1. Orson Welles reading selections from Walt Whitman's Song of Myself (real audio file). (Link to my earlier comments.)
2. Jonathan Lethem's essay The Ecstasy of Influence: a Plagiarism
3. The songs of Jonathan Coulton (Link to my first Coulton post -- link to my follow-up post; both have favorite lists)
4. The poems of W. H. Auden (Link to my earlier comments, including a list of some of my favorites)
5. Peter Watts's powerpoint on vampire biology (Link to my earlier comments)
6. Adam Gopnik's essay on the Starr Report
7. Michael Kelly's parody of lateral thinking tests.
8. The documentary film Jesus Camp - online in its entirety.
9. Martin Luther King's speech against the Vietnam war (audio & text)
10. Peter Watts's novel Blindsight, featuring the vampires profiled in item 5 above

(My current blog-slowdown, discussed here, is still in effect, and is likely to last into November. Expect normal blogging to resume thereafter.)

Tuesday, October 02, 2007

"A need to demonstrate their willingness to shed blood"

It's a staple of the Buffyverse, and so many other fantasy/horror/etc genre pieces: a villain needs to kill someone -- often an innocent -- to gain power, to complete some demonic ritual, or simply to get an "in" with the right group.* It's a staple, of course, for the reason that many genre tropes are: it works, and works well, reliably and simply. And it works, of course, because nothing is so powerfully, unmistakably evil as killing someone simply for power or access or ritual. Thus, in drama, it works as a universal code for "evil person".

Well, via Glenn Greenwald's post today, we have this from the New York Times (December 21, 1989):
For George Bush ['41], the United States invasion of Panama early this morning constituted a Presidential initiation rite as well as an attempt to achieve specific goals. For better or for worse, most American leaders since World War II have felt a need to demonstrate their willingness to shed blood to protect or advance what they construe as the national interest... [List of leaders omitted.] All of them acted in the belief that the American political culture required them to show the world promptly that they carried big sticks.
Emphasis added.

There it is, folks, in the newspaper of record: it is a requirement -- or felt to be a requirement, which amounts to the same thing -- of "American political culture" that Presidents act like the cheapest of horror of villains.

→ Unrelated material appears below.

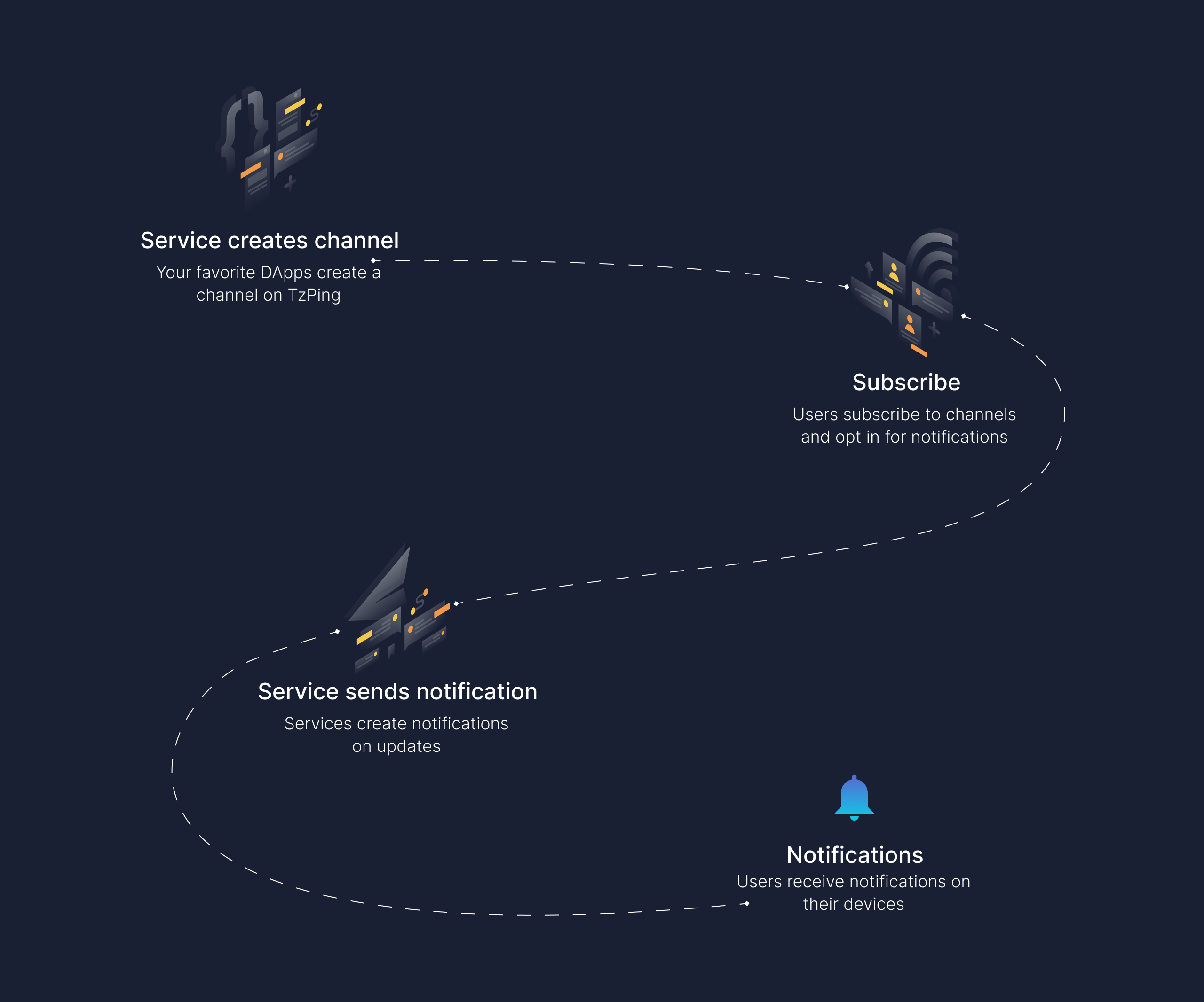 TzPing is a blockchain protocol that provides you decentralized notifications from different DApps and channels.

This is not some wide-eyed leftie radical saying this; it's the New York fucking Times. The only difference is that a wide-eyed leftie radical would probably see this as immoral, rather than neutral or good, which is how American political culture -- or at least American political elites -- see it.

Something to remember next time you hear someone talk about America's goodness, how we run our foreign policy on moral grounds rather than self-interest (or even in addition to self interest), etc. Whereas in fact we require our leaders to be Buffy-style villains... and no one even thinks that it's wrong.

_____________________________
* I was going to cite an example here, but they are endless, from the blood needed to power the ritual at the end of the opening two-parter of Buffy Season one through the initiation ritual of the powerful evil circle at the end of Angel's Season Five. It's simply ubiquitous.